_Assignment_. Starting at the line that contains "山东省潍坊市区域2023.6高三年级考前模拟热身物理答案" and stopping at the line that contains "Festive Wear Readymade", transcribe every line of the material below exactly; pictures stay out.

_Working data_.
»»
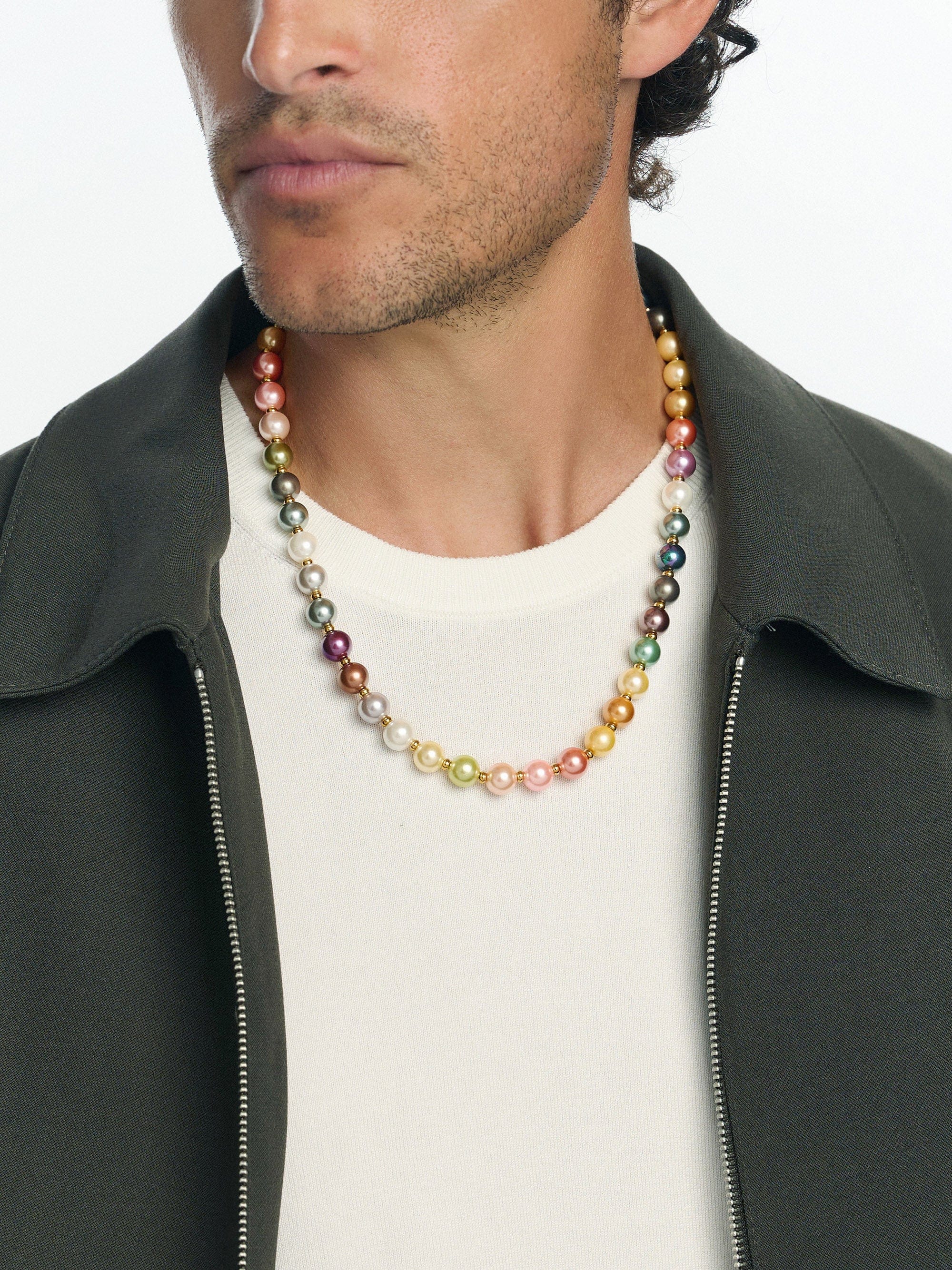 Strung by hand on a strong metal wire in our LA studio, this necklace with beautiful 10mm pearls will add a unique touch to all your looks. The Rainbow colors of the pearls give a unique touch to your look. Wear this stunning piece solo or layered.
««
»»
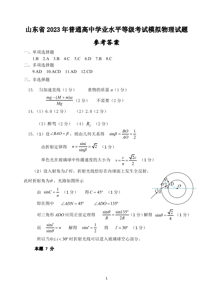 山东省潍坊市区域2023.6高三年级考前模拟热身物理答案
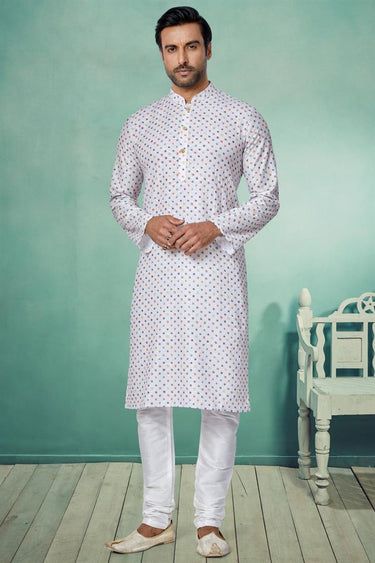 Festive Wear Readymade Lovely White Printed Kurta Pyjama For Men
««
_Answer area_.
 山东省潍坊市区域2023.6高三年级考前模拟热身物理答案
 Festive Wear Readymade Lovely White Printed Kurta Pyjama For Men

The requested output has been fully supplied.